Они уезжали: она — к себе в Осло, Эрленд и Крюмме — домой в Копенгаген. Хотелось, чтобы в доме была приличная еда, которую сам отец никогда себе не позволит. Эрленд обещал заплатить. «Карт бланш», — прошептал он ей на ухо, когда она отправилась в магазин. Она этому очень обрадовалась, на ее счете, несмотря на то, что она стала совладельцем ветеринарной клиники, денег едва хватало оплатить счета за январь. «Дядя Эрленд», — подумала она, как странно внезапно обрести дядюшку всего на три года старше ее самой. Младший брат отца, который уехал с хутора из упрямства и ради самоутверждения двадцать лет назад и думал, что уже больше сюда не вернется. Тем более на Рождество, да еще и со своим, так сказать, мужем. И, пожалуй, Эрленд — этот блудный сын — устроился из троих братьев лучше всех. Эрленд был счастлив, он любил и был любим, да и с финансами все у него было в порядке. Он рассказывал, что Крюмме, как говорят в Дании, «генерально богат», ему очень нравилось это выражение.

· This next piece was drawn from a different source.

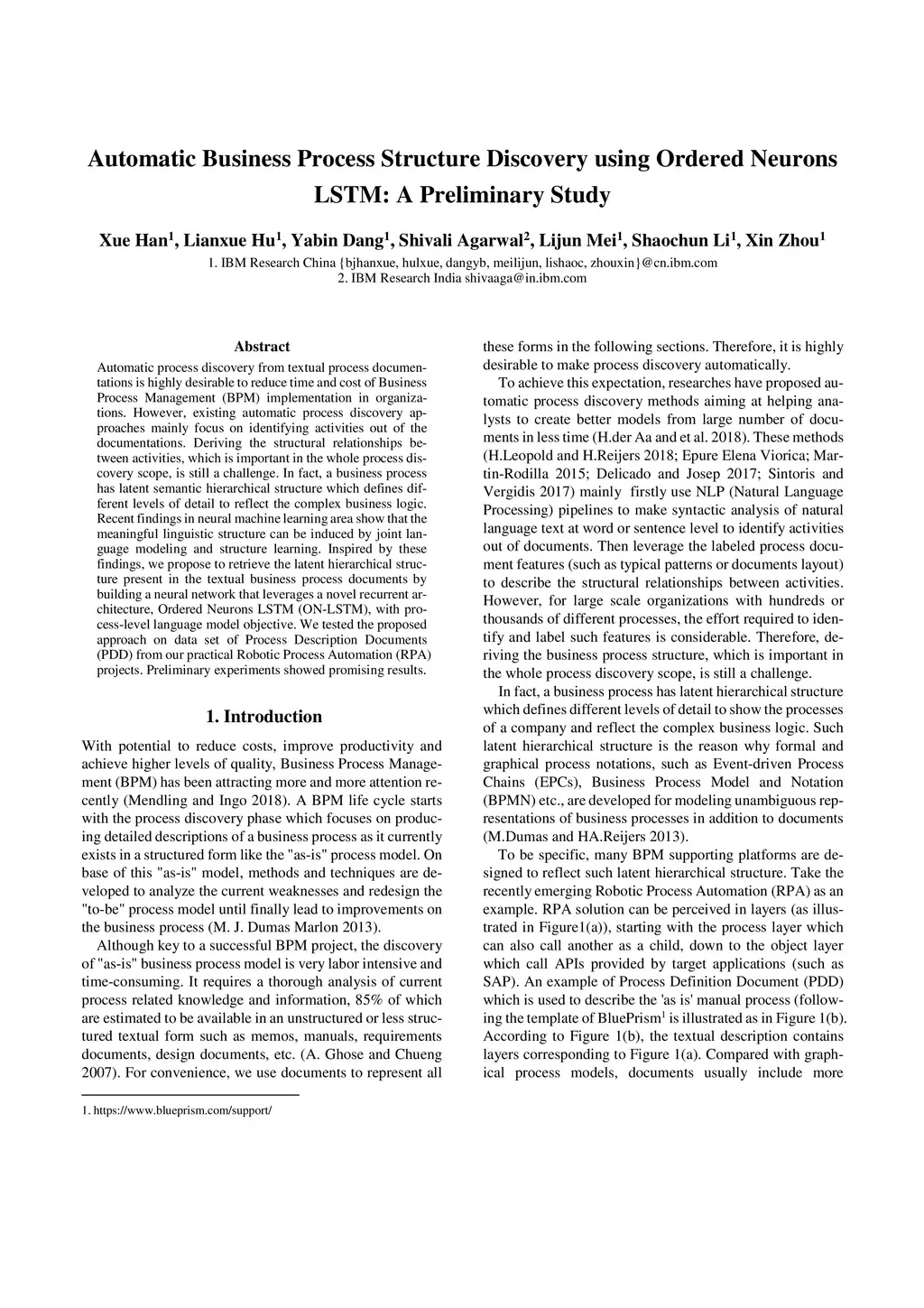 Automatic Business Process Structure Discovery using Ordered Neurons

Маргидо у нее язык не поворачивался назвать дядей. Возможно, из-за его работы, делавшей его каким-то недосягаемым. Ведь ему приходилось постоянно сдерживать свои чувства, общаться с родственниками усопших и при этом организовывать идеальные похороны. Вероятно, это выработало у него привычку жить наедине со своими мыслями. Подумать только, сколько лет он знал правду о Несхове, что все на хуторе построено на лжи, что тот, кого они называют отцом, вовсе не отец им. И ни слова не сказал ни Туру, ни Эрленду. Он предпочел просто отстраниться, закрыться от этой стороны жизни. До самого Рождества, когда ему пришлось все рассказать.
Мысли о троих братьях сопровождали ее, пока она толкала тележку вдоль полок супермаркета и пыталась припомнить, какие продукты остались дома в холодильнике. И еще она думала о молчании. В первый день Рождества.
Молчание это она приняла за судорожные попытки наладить разваливающуюся жизнь. Разговоры о погоде и температуре! Не сразу она поняла, что это — способ выжить, обходя разговорами главное. Так они создают собственную реальность. Того, о чем не говорится, попросту не существует. Ее отец продолжал называть старика отцом, да и сама она заодно со всеми продолжала считать его дедушкой. А дедушка не возражал, довольствуясь тем, что, вероятно, впервые в жизни смог высказаться.
Турюнн нагрузила тележку продуктами и неожиданно решила еще заполнить кормушку для птиц. Она представила себе отца, который через несколько часов окажется в одиночестве за кухонным столом и будет разглядывать двор за белой нейлоновой занавеской.
Она купила четыре упаковки корма для синиц и несколько пакетиков орешков, как и корм, упакованных в зеленую сетку. Затем она связала корм бечевкой и прикрепила кнопками к дереву, пальцы успели онеметь на морозе. А в саму кормушку насыпала черствых крошек.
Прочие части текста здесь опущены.